Enterprise Minnesota Magazine - Special 2006

Helping Manufacturing Enterprises Grow Profitably

    

Ones to Watch

 

A look at five diverse companies with at least one element in common: They’re healthy and primed for success, thanks to pioneering products, services, and approaches.

 

 

A Very Big Fish

 

Danville Signal Processing flourishes in the expanding DSP market.

 

 

BY BRIAN LIEB

 

Al Clark, Danville Signal ProcessingSome companies seek competitive advantage through size. They have wide arrays of expertise and produce disparate products in order to compete in the vast ocean of global competition.

 

Others succeed in smaller bodies of water. Meet Cannon Falls-based Danville Signal Processing Inc., a very big fish in a small pond—the SHARC-embedded digital signal processing (DSP) board pond, to be precise.
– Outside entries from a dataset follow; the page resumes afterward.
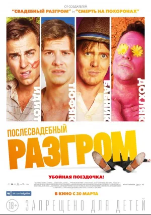Далеко не самая спокойная примирительная беседа главных героев фильма «Послесвадебный разгром», которой закончилась предыдущая часть серии картин, обернулась совсем не тем, что ожидали друзья. Люку не удалось оправиться от падения с обрыва, что привело к настоящей трагедии. В одно мгновение бурная и веселая церемония бракосочетания превратилась в траурное отпевание. На этом трудности могли бы и закончиться, но для непутевых главных героев это события становится лишь началом в череде бесконечных запутанных сцен. Тому, Дэвиду и Грэму необходимо доставить тело покинувшего этот мир друга из знойной и жаркой Австралии в туманный Лондон, где он, как они сами считают, должен быть похоронен. Кажется, задача простая, но из-за разгильдяйства главные герои не могут справиться даже с этим. Самолет, который должен перевозит тело, терпит крушение в самом центре континента. И теперь, чтобы успеть к похоронам, друзьям необходимо преодолеть множество препятствий, познавая австралийскую глубинку. Хотим порекомендовать к скачиванию или просмотру онлайн на сайте фильм «Послесвадебный разгром» всем, кто любит ненавязчивые комедийные сюжеты.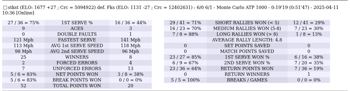 | 10.04.2025 | Round of 32 | alnicozu | jsilv1 | 7-5,6-1 | |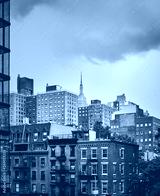 Retro toned picture of Manhattan cityscape, New York City, USA.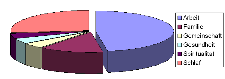 Am besten werden die verschiedenen Bereiche, verteilt über eine Woche, als "Kuchenstücke" in einen Kreis eingetragen. Die Woche hat 168 Stunden. Die Arbeit sollte nicht mehr als 55 Stunden ausmachen, der Schlaf sollte täglich 8 Stunden, also 56 Stunden pro Woche betragen. Es verbleiben also noch 57 Stunden für die andern Lebensbereiche. |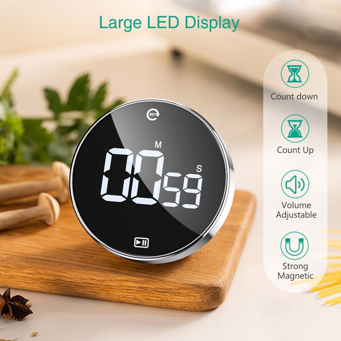 Caractéristiques : Respectueuse de l'environnement. Minuteur de cuisine numérique 24 heures, horloge 12 heures Horloge Murale Numérique - FDIT - CF5135C - Grand Écran LED... Grand écran LCD minuterie de cuisine numérique, facile à lire Synchronisation avec la cuisine, jeux, activités de planification, rappels des délais, et plus de travail. Support pliable, facile à lire et afficher. Il comprend un cadre arrière, un étrier de suspension et un aimant. Le compte à rebours peut être réglé à 24 heures Même si vous êtes dans une autre pièce, le réveil vous frappera. Contenu de l'emballage :1 x LCD numérique minuterie de cuisine Emplacements multiples : magnétique puissant, crochet et support pour répondre à tous vos besoins. Alarme forte et claire lorsque le temps est écoulé, elle continue 30 secondes si vous n'appuyez pas dessus Minuteur Numérique De Cuisine Avec écran Lcd, Volume Alimentation : pile AAA (non inclus)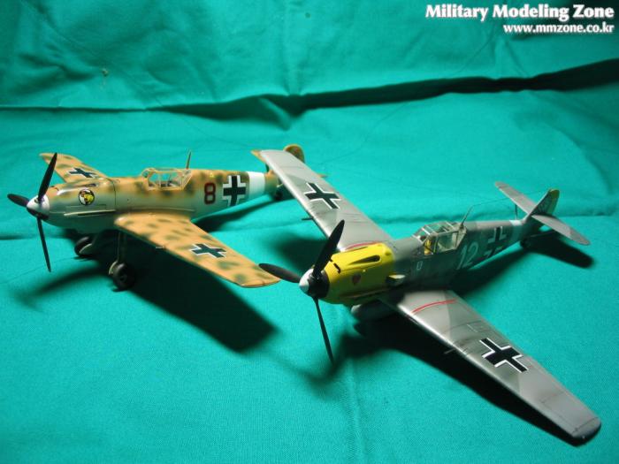 BF109-E4형과 E7입니다(1/48). E4형은 Hobby craft제품이며 E7은 Tamiya제품입니다. Tamiya가 착착 잘맞습니다. 그런데 생각보다는 Hobby craft제도 그럭저럭 만들만 하더군요(특히 데칼은 얇고 색깔이 타미야 보다 더나은듯합니다).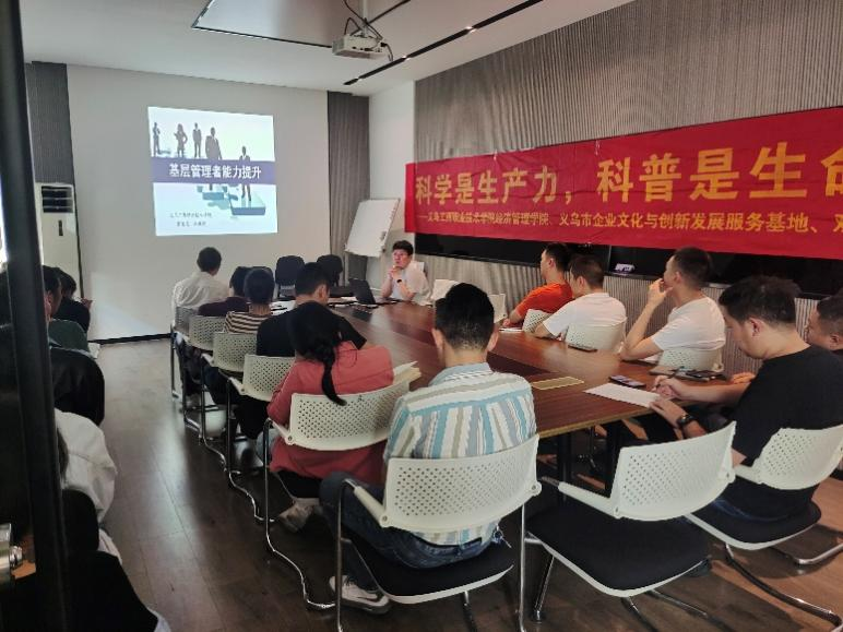 科普讲座由公司专任教师、义乌市首批科普人才曾宪达副教授主讲。她通过故事引入、案例教学、现场体验等多种方法向企业职工讲解在日常管理工作中如何进行自我角色认知、角色定位,如何学会用人、激发员工潜能,如何与上级、同级、下级沟通。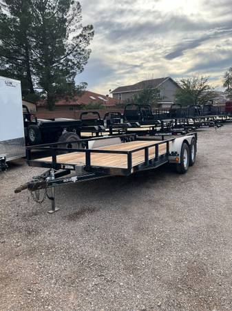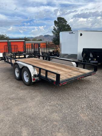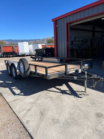 This PJ trailer is 16' long and 83inches wide. It is great for a UTV, water tank, and construction material. This trailer has a spare tire mounted and a set of rear slide in ramps.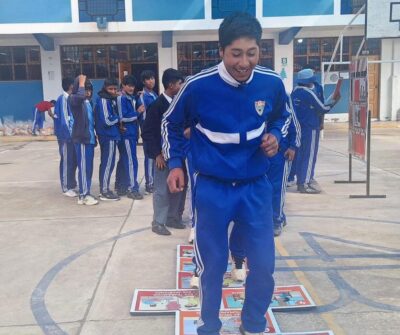 En el patio de la escuela Eusebio Corazao, en el municipio rural peruano de Lamay, adolescentes varones juegan divertidos a la rayuela, generalmente considerado un juego de niñas y conocido como Mundo en Perú. En cada casilla hay frases a favor de la igualdad, en el hogar y otros ámbitos, como parte de su adiestramiento en liberarse de masculinidades negativas y de conductas machistas. Imagen: Mariela Jara / IPS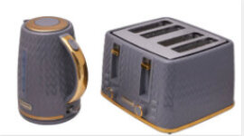 Measurements: Toaster: H: 200mm, W: 290mm, D:280mm, Power 1600 Watts. Kettle: H: 225mm, W: 220mm, D: 160mm, Power 2200 Watts. |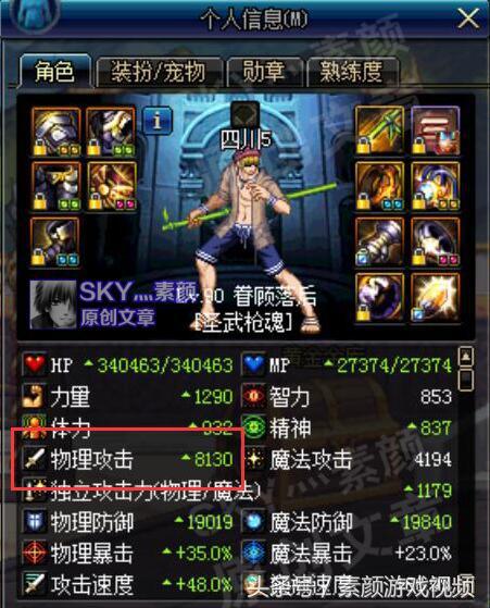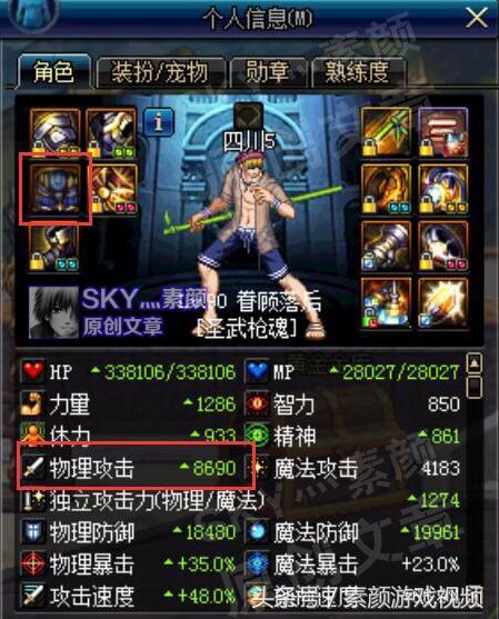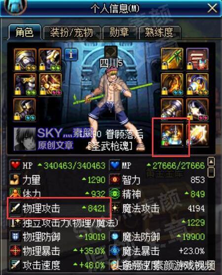 再换上增加物攻的斗气下装时, 面板又增加了近200点: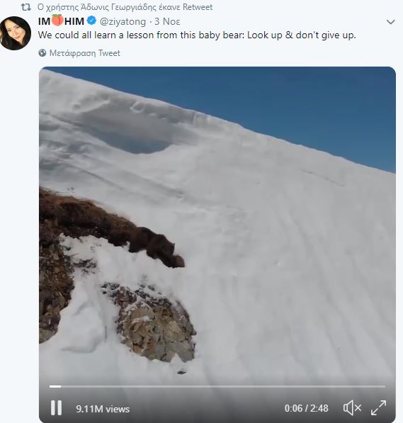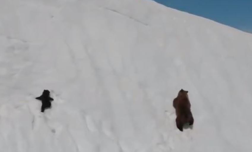 Eνα βίντεο που καταγράφει την περιπέτεια μιας μικρής αρκούδας που κάνει τα πρώτα βήματα δίπλα στη μητέρα της και προσπαθεί να αναρριχηθεί σε μια χιονισμένη πλαγιά, κάνει το γύρο του διαδικτύου.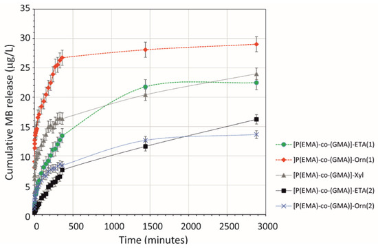 Figure 4. Release profiles of MB from the synthesized oligomers. Determination of the MB concentration was based on spectrophotometric analysis at λ = 633 nm.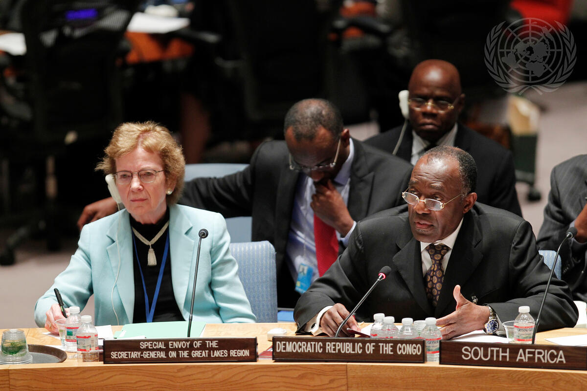 Raymond Tshibanda N'tungamulongo (right), Minister for Foreign Affairs, International Cooperation and Francophonie of the Democratic Republic of the Congo, addresses Security Council meeting on the situation concerning the his country. At left is Mary Robinson, Special Envoy of the Secretary-General for the Great Lakes Region of Africa.

What are SHARC-embedded DSP boards? DSP is the processing of digital signals—filtering them to improve signal quality or extract important information—and it is a core technology in cell phones, home theater systems, medical devices, audio equipment, and computers. SHARC DSP boards are specific floating point processors that are embedded in DSP-reliant products—cell phones, for example.

 

Danville develops and manufactures DSP products for markets worldwide, concentrating on digital audio—speech and telephony, tone suppression, and noise reduction. “We focus on a few core competencies and outsource everything else,” says company founder and CEO Al Clark. “And each year the pond gets a little larger and we get a little bigger.”

 

Clark founded Danville Signal Processing in 1998 with his wife, Lori Ann, who serves as the company’s chief operating officer. Their first major sale was for a tone-suppression system to the Anchorage, Alaska, air traffic control center. “Air traffic control communication systems are large and complex,” explains Clark. “Occasionally, technicians maintaining these systems make a mistake and inadvertently route a test signal directly to an air traffic controller’s headset.”

 

That’s where trouble can start. The signals can cause permanent hearing damage, leading to millions of dollars in missed work time and injury claims. Clark engineered a tone-suppression system—once the only system of its kind—that eliminated the loud test tones while allowing the passage of normal voice communications between pilots and air traffic controllers.

 

SHIFTING FOCUS

 

The company continues to sell air traffic control tone suppression systems, but its focus has shifted to engineering DSP boards and systems. Danville has partnered with one of the larger DSP chip manufacturers, Norwood, Mass.-based Analog Devices, to produce SHARC-embedded DSP boards that are used in high-performance audio systems and in a wide variety of other industrial applications. “In most cases, our customers are manufacturing products that are very specialized,” says Clark. “They may only sell 25 to 100 systems a year. This makes our boards attractive to these companies since it is cheaper—and safer—to use our boards than design and manufacture their own.”

 

In 2000 the Clarks moved to a hobby farm in rural Cannon Falls, and two years later relocated the company from a facility in Rosemount to a 5,000-square-foot building on the farm. The rationale for the move was simple. “One day, I got tired of five traffic lights where we once had one,” says Clark, noting how the area has grown rapidly in recent years.

 

The location isn’t far from the infrastructure of the Twin Cities—roughly 35 miles south of St. Paul—yet gives the Clarks the benefits of rural living. “We have a broadband Internet connection and UPS knows where to find us,” Clark says. “And Google is our friend.”

 

As the use of and need for DSP solutions continues to grow, the company looks poised for more success. “In the last few years, most of our products have been board level,” says Clark. “But many of our new products will be complete turnkey solutions. This will broaden our scope to sell to companies that may be software-only providers, or perhaps to companies that have only minimal electronic expertise.”

 

Still, the company will focus on a finite number of core competencies and outsource everything else. That strategy of honing a niche within the broad DSP market has helped Danville Signal Processing become a very big fish in a small pond. “All businesses need to be able to answer a simple question: ‘How do we add value?’” says Clark. “If you can’t answer this question, you probably don’t have a business.”

 


 

In Sickness and in Health

 

Ten years ago, Minneapolis-based Spanlink Communications gambled on an unproven but promising new telecommunications technology. Today the company is reaping the benefits.

 

 

BY SARA GILBERT

 

Brett Shockley, Spanlink CommunicationsIt was Aug. 8, 1988—8/8/88—when Brett Shockley and his partners officially filed the papers incorporating Spanlink Communications. When that date flashed across the screen during a presentation Shockley was making to the Chinese American Information Storage Association last summer, everyone in the room cheered.

 

“They told me that it was a very lucky number,” Shockley, the CEO of Spanlink, says. “I guess that’s a good sign.”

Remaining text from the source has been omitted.